The deficit, which was 36 per cent in the first week, rose to 50 per cent in the week ending June 13. Overall, the rainfall deficit so far has been 42 per cent.
Rainfall since the onset of the monsoon has been 29.2 mm as against the normal of 50.6 mm. Of the 36 met sub- divisions, only five have recorded normal rainfall compared to 10 during the same period in the last season. In 30 sub- divisions, rainfall has either been scanty or deficient, according to the weather office.
However, weather officials maintain that the situation could improve next week. The conditions are favourable for advance of the monsoon over Konkan, interior Maharahstra, parts of Karnataka, Andhra Pradesh and Tamil Nadu over the next three to four days. In the next three days, it could advance into West Bengal, Orissa, Bihar Jharkhand and Chattisgarh.
" We expect increased rainfall activities over western parts and interior south India during the next three to four days," said M. Mahapatra, senior scientist, India Meteorological Department ( IMD). " There is a cyclonic pressure over the Arabian Sea which is expected to bring rains on the west coast and interior Karnataka and Maharashtra," Mahapatra added.
A low- pressure area may develop over the north- west Bay of Bengal leading to high rainfall over east and central India.
Since only 40 per cent of cultivable area in the country is under irrigation, rains are important for agriculture. But officials said it will be too early to predict the impact on Kharif output.

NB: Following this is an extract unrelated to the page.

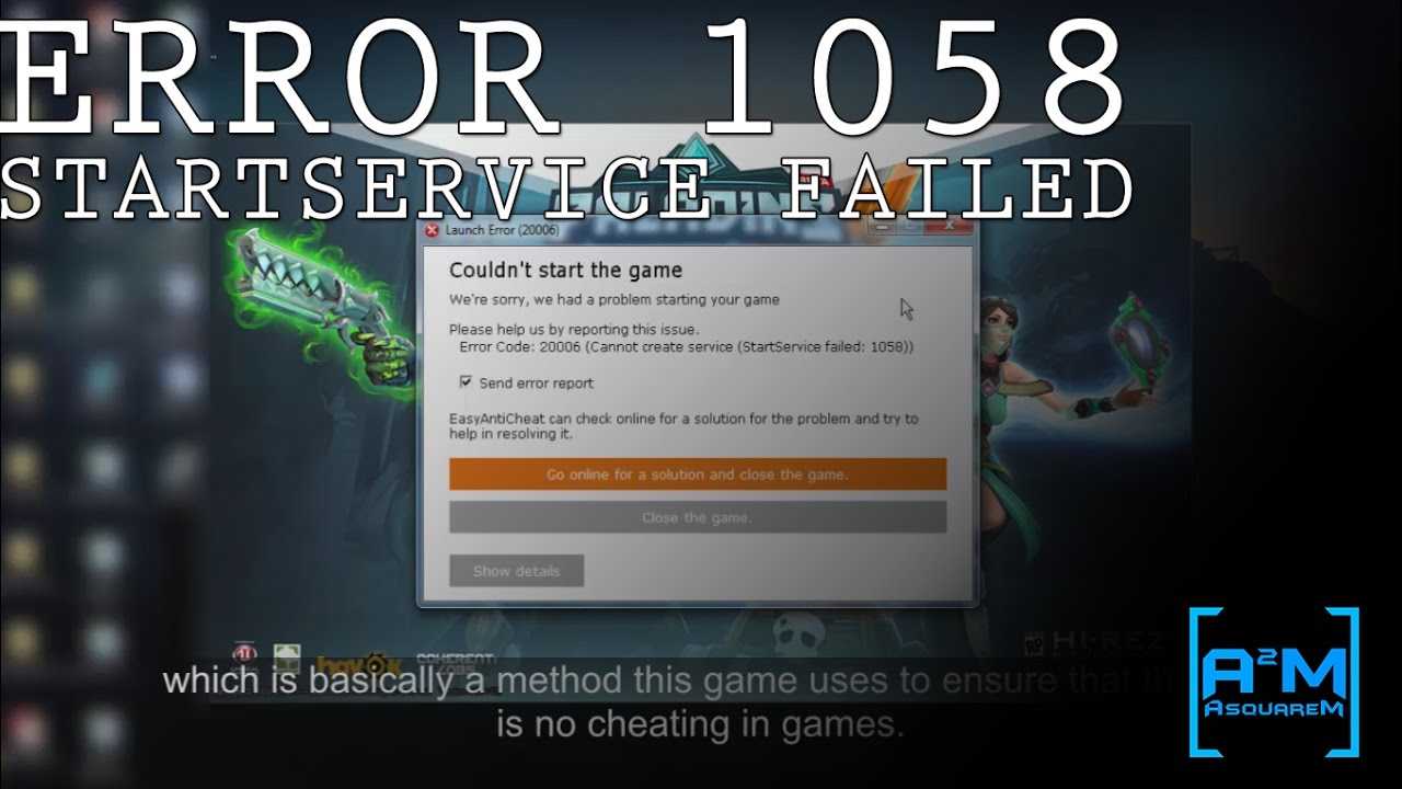 Error 1058 or Error Code: 20006 (Cannot create service StartService failed: 1058) usually occurs when you install a game for the first time.

Farms are being readied for sowing of paddy, cotton, pulses and oilseeds. If the rain shortfall continues in July and August as well, the situation will turn worse.

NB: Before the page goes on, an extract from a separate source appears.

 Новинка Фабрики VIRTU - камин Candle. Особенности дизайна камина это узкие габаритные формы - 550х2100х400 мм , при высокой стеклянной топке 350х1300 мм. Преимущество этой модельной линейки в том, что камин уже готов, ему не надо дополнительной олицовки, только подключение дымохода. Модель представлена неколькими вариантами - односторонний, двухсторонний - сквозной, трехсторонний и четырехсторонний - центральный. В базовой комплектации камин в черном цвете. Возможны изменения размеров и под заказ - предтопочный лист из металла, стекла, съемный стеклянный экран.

The performance of monsoon depends much on how global meteorological parameters such as El Nino Southern Oscillation ( ENSO) unfold in the weeks to come. IMD had predicted a normal monsoon but hinted at below- average performance if ENSO develops in the second half of the season.
Revised outlook for the season will be announced in the third week of June.
" There is no reason to press any panic button at this stage as rainfall is expected to improve," said A. K. Singh, deputy director general, Indian Council of Agricultural Research.
Levels of main water reservoirs are also down to 18 per cent of normal capacity, which is down six per centage points during the same period last year. Reservoirs are important for generation of hydropower, which accounts for a quarter of the country's electricity generation capacity.
Moreover, water is also used for irrigating winter crops such as wheat in many states.
The government is also pinning hopes on monsoon to control the inflation. " I am confident that the range of inflation will be about 7.5 per cent throughout the year.
I hope if monsoon is quite good, these type of pressures will be sorted out," finance minister Pranab Mukherjee said on Thursday.